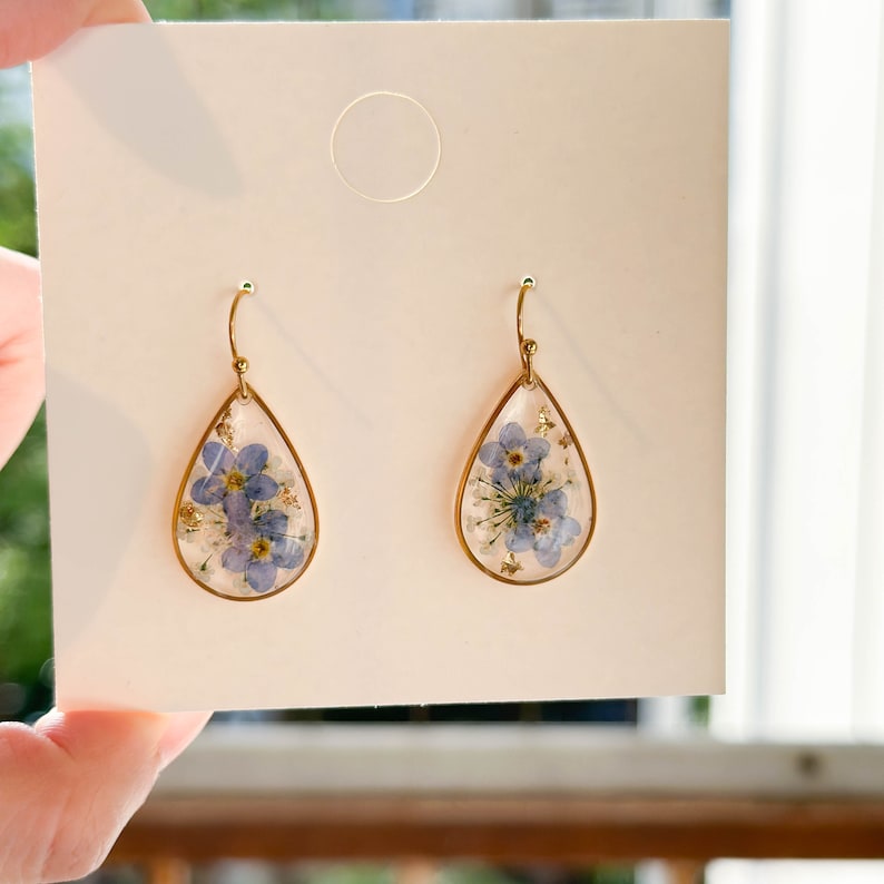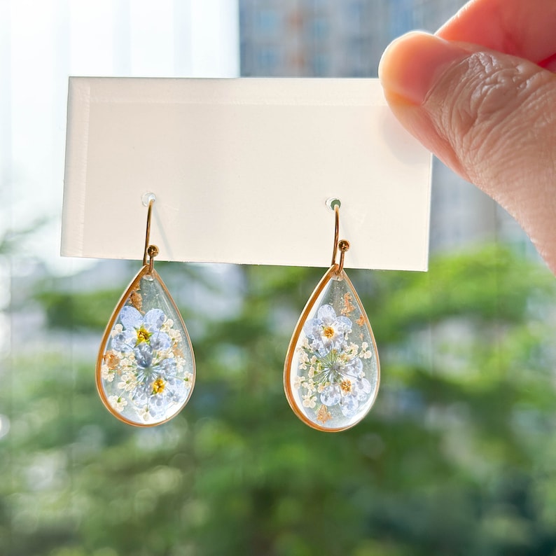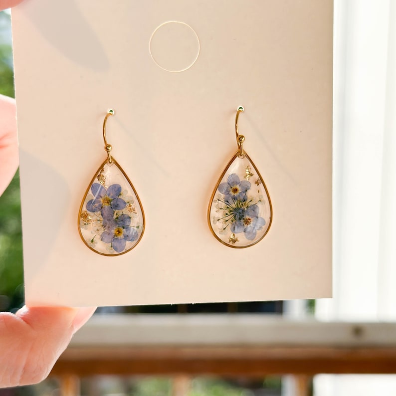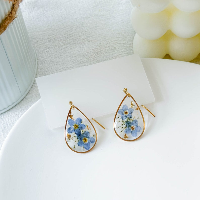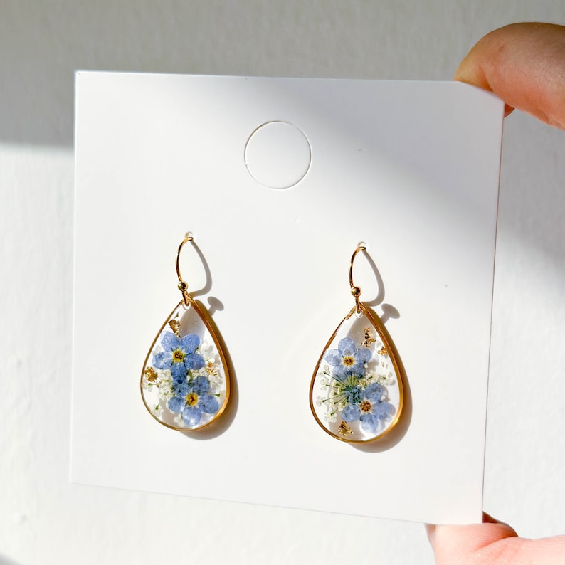 Gold Forget Me Not Flower Earrings, Handmade Pressed Real Flower Resin Earrings, Dangle Drop Earrings, Dired Flower Earrings, Birthday Gift
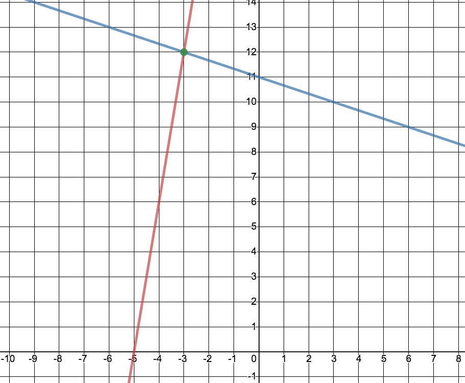 Solve the system of equations below algebraically. y=5x+20y=-3x+4
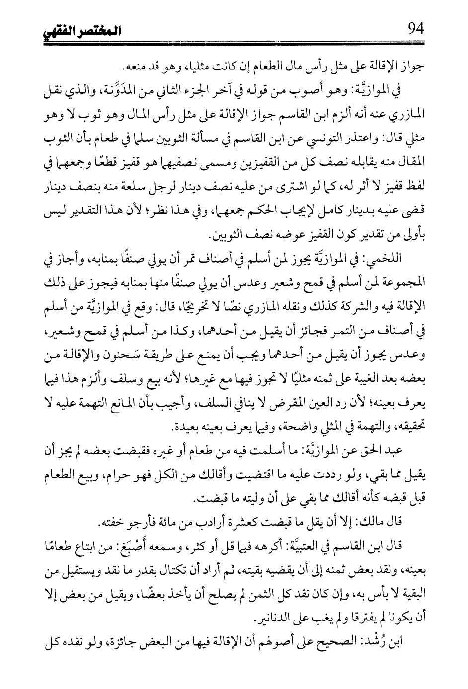 ابن رُشْد: الصحيح على أصولهم أن الإقالة فيها من البعض جائزة، ولو نقده كل
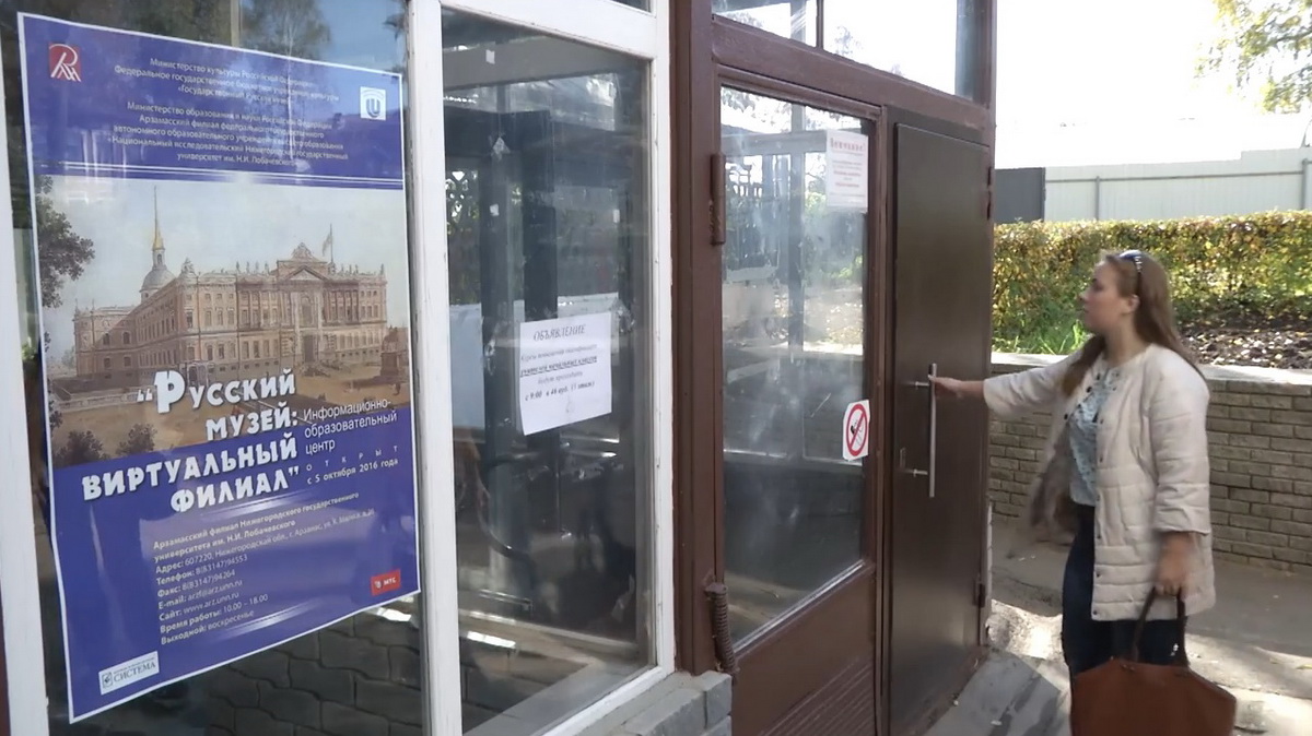 5 октября 2016 года в 12.00 в Арзамасском филиале Нижегородского государственного университета имени Н.И.Лобачевского состоялось открытие информационно-образовательного центра «Русский музей: виртуальный филиал». Это третий виртуальный филиал в Нижегородской области и 190-й виртуальный филиал Русского музея, открытый в рамках проекта «Русский музей: виртуальный филиал».
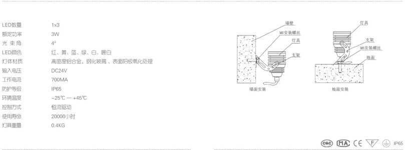 灯体材质:高密度压铸铝合金,钢化玻璃表面聚酯粉末喷涂
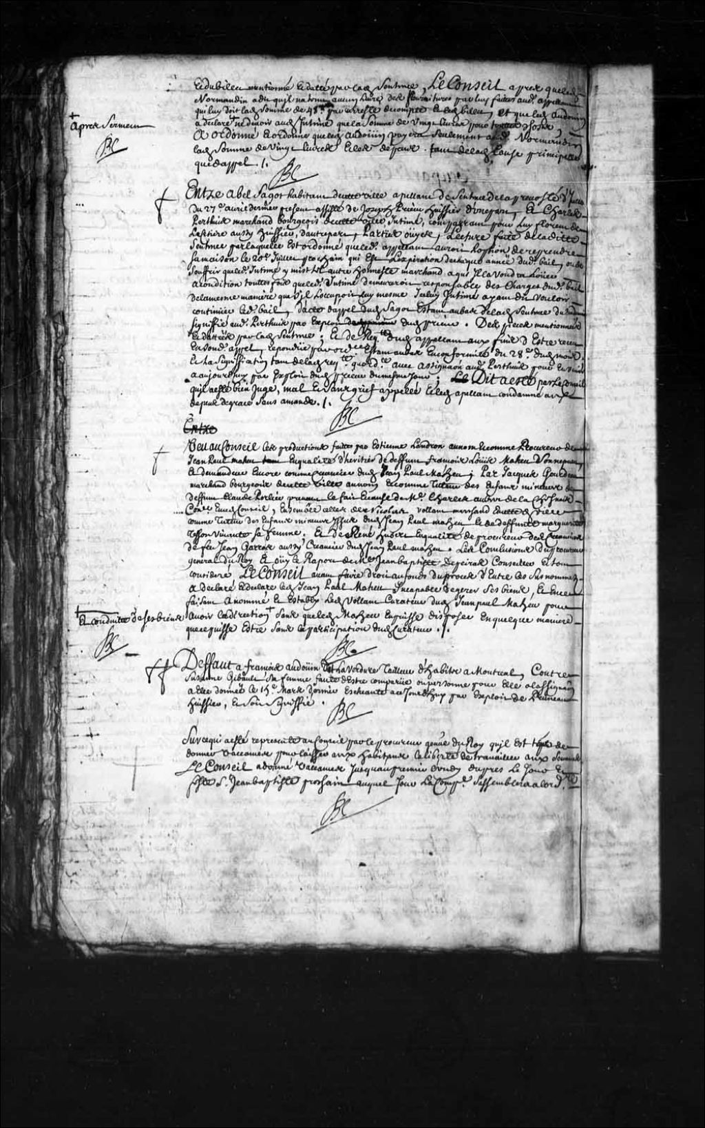 - Transcription du texte avec orthographe modernisée : «Vu au Conseil les productions faites par Etienne Landron au nom et comme procureur de Jean-Paul Maheu en qualité d'héritier de défunt François Louis Maheu son neveu, et demandeur encore comme créancier dudit Jean-Paul Maheu par Jacques Gourdeau marchand bourgeois de cette ville au nom et comme tuteur des enfants mineurs de défunt Claude Porlier prenant le fait et cause de défunt maître Charles Aubert de Lachesnais conseiller en ce Conseil, ensemble celles de Nicolas Volant marchand en cette dite ville comme tuteur des enfants mineurs issus dudit Jean-Paul Maheu et de défunte Marguerite Tesson sa femme, et de René Hubert en qualité de procureur des créanciers de défunt Jean Garros aussi créancier dudit Jean-Paul Maheu; les conclusions du procureur général du Roi et ouï le rapport de maître Jean-Baptiste Depeiras conseiller et tout considéré. Le Conseil avant faire droit au fonds du procès d'entre les sus-nommés, a déclaré et déclare ledit Jean-Paul Maheu incapable de gérer ses biens, et en ce faisant a nommé et établi ledit Volant curateur dudit Jean-Paul Maheu pour avoir la direction et conduite de ses biens, sans que ledit Maheu en puisse disposer de quelque manière que ce puisse être sans la participation dudit curateur. BOCHART CHAMPIGNY.»
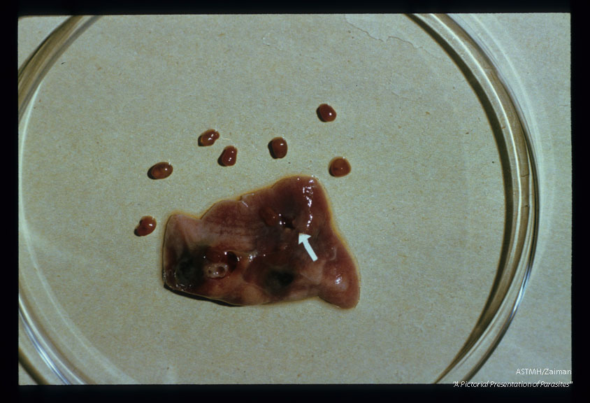 Adult worms separated from a cat lung. A ruptured cyst on the surface of the lung is marked by an arrow.
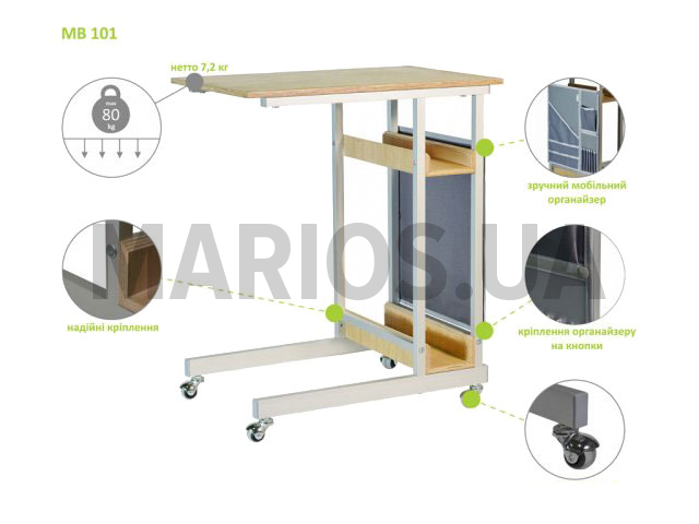 62.00см x 42.00см x 74.50см Характеристики мебели Материал фанера облицована шпоном натурального дуба Стол мобильный Mobi MB 101 Характеристики: Материал каркаса: анодированный алюминий Материал столешницы: фанера облицована шпоном натурального дуба и покрыта масло-воском Опоры: роликовые, съемные Количество полок: 2 Высота: 74.5 см Ширина: 42 см Глубина: 62 см Вес: 7.2 кг Максимальная нагрузка: 80 кг Цвет: дуб светлый Цвет алюминиевого профиля: серебристый Гарантия: 24 месяца
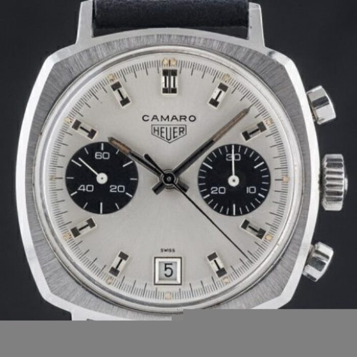 Camaro Reference 7843 S has white dial with black registers; hands and markers have black inserts
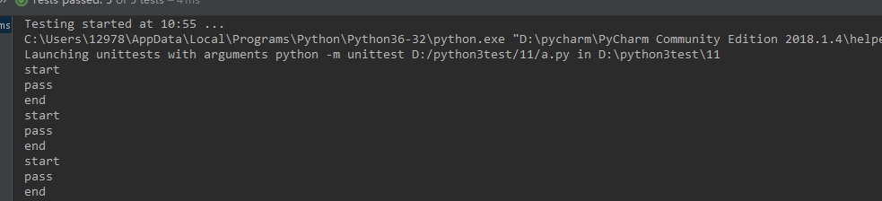 import unittest class TestMethod(unittest.TestCase): @classmethod def setUpClass(cls): print("开始前执行一次---->setUpClass") @classmethod def tearDownClass(cls): print("结束后执行一次---->tearDownClass") def setUp(self): print("每个方法执行前执行----->setup") def tearDown(self): print("每个方法执行前执行----->teardown") def test_01(self): print("case----->01") def test_02(self): print("case----->02") if __name__=='__main__': unittest.main()

|---|

→ Task:
Return the lines from the one that contains "Camaro Reference 7843" through the final line of the listing above, inclusive. Transcribe them exactly and drop the pictures.

→ Solution to this problem:
 Camaro Reference 7843 S has white dial with black registers; hands and markers have black inserts
 import unittest class TestMethod(unittest.TestCase): @classmethod def setUpClass(cls): print("开始前执行一次---->setUpClass") @classmethod def tearDownClass(cls): print("结束后执行一次---->tearDownClass") def setUp(self): print("每个方法执行前执行----->setup") def tearDown(self): print("每个方法执行前执行----->teardown") def test_01(self): print("case----->01") def test_02(self): print("case----->02") if __name__=='__main__': unittest.main()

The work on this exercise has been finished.